This isn't the RIAA's country, it's not Google's country, it's not Microsoft's
country, and it's not Yahoo's country. It's our country. Until we, the people,
accept our responsibilities and stop this from happening, it will continue to
happen. More corruption is not the answer._

Look at it from this perspective: as a practical matter, _today_ ,
corporations have significantly more power in politics than individuals, and
media companies more than tech companies. If something isn't done _right
freaking now_ , SOPA will pass from committee in _three days_.

There is _nothing_ you, as an individual, or we, as a collective, can do
against the millions of dollars spent on lobbying and campaign contributions
by the media companies in the _next three days_. Talk of what "ought" to be
will not solve the immediate problem.

An analogy: suppose you are poor (or bootstrapping), and you are $150 short of
making rent for the month.
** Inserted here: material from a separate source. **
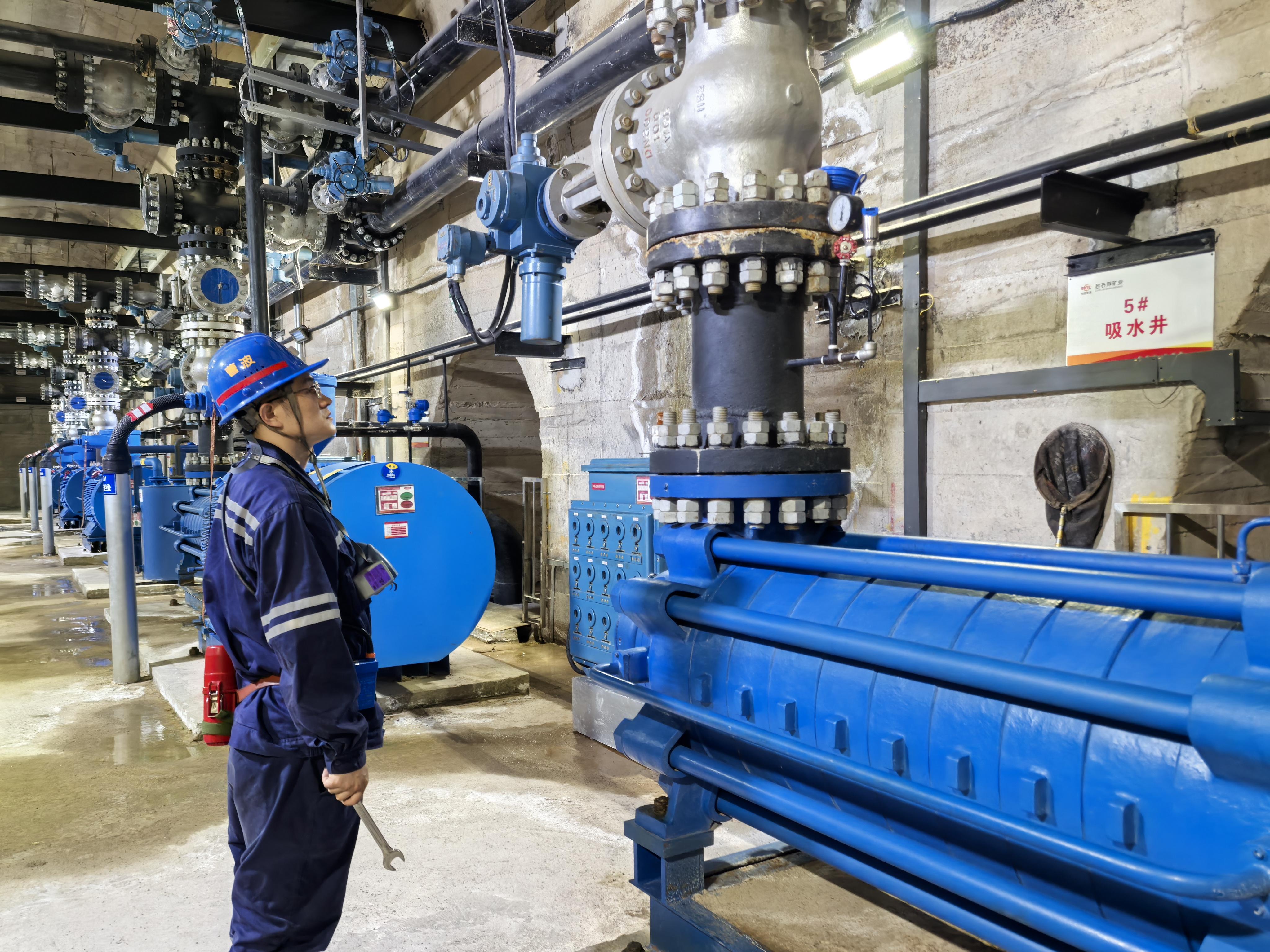 水泵房轰鸣作响,阀门压力表指针稳稳停在5兆帕。值班水泵工屏息凝神,开启排水阀门,确保井下水仓水位始终低于警戒线。“多排一方水,井下就多一分安全。”他们说。
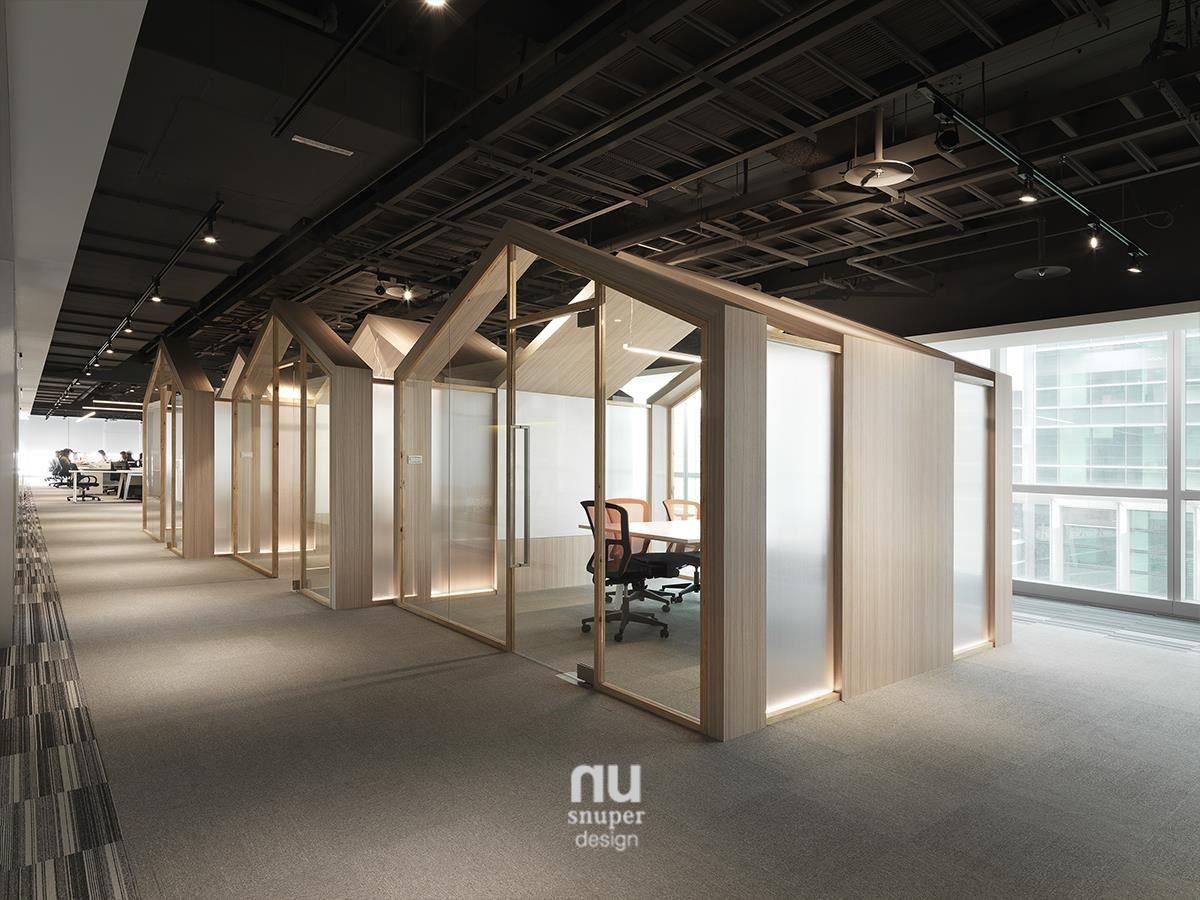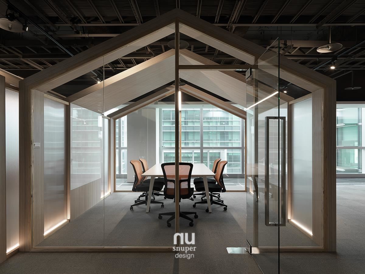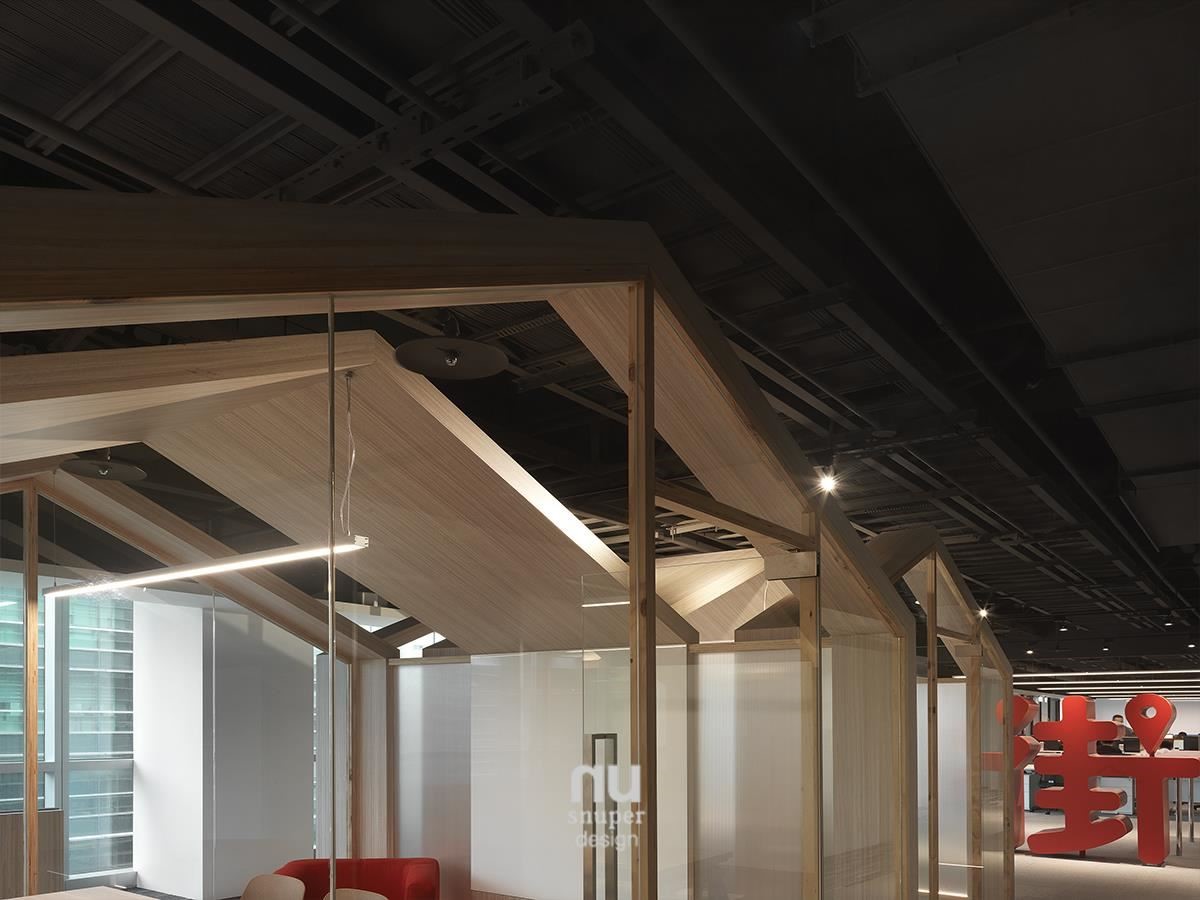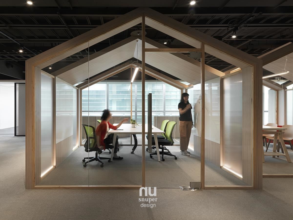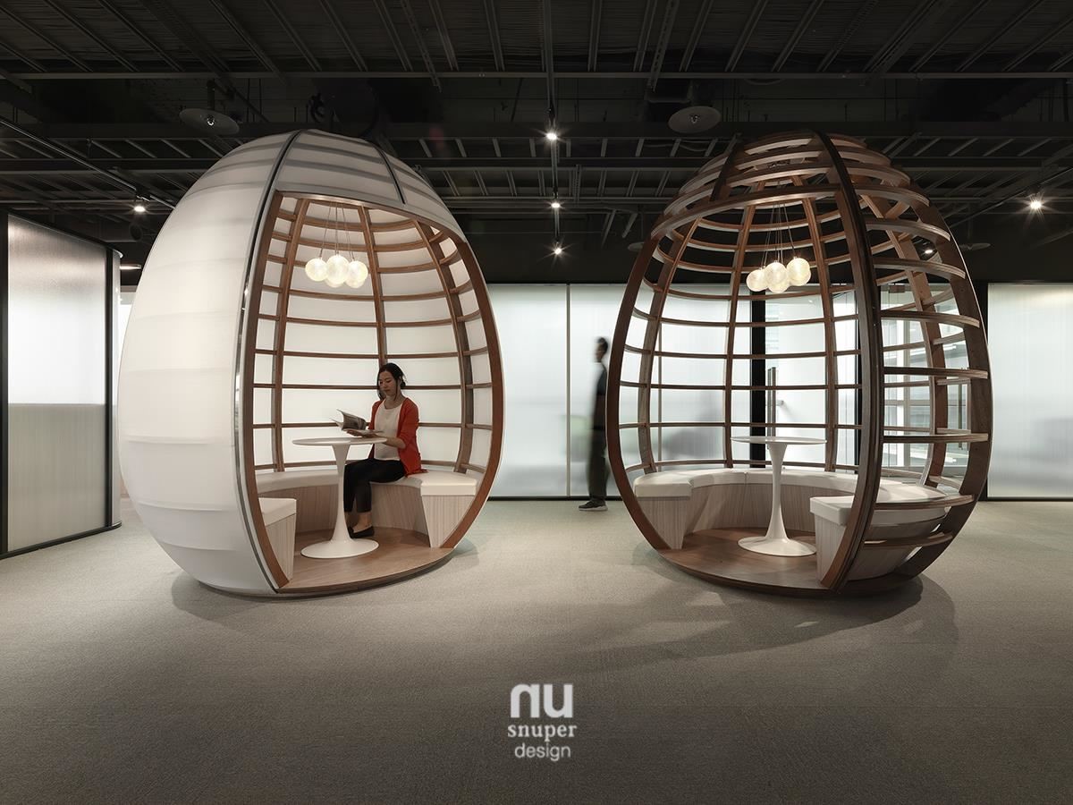 小木屋、蛋椅在空间中让人不期而遇,童趣、安全感的氛围,促使团队讨论的氛围更加愉快,让工作流程更加顺畅。

Rent is due in five days. You can talk on and on
about how you should have got a better job, didn't iterate on customer
development, etc., but if you don't come up with $150 _right now_ , you will
"die." So, you might go to a payday loan shark, get a cash advance from your
credit card, or sell something to make rent and live another day.

What's my point? When your very survival is on the line _right now_ , you have
to do whatever you can to live to fight another day. That's where we are now
with media companies and the Internet.

------
r00fus
So the delay is just to put it under the radar while everyone is off on
Holiday break?

Devious.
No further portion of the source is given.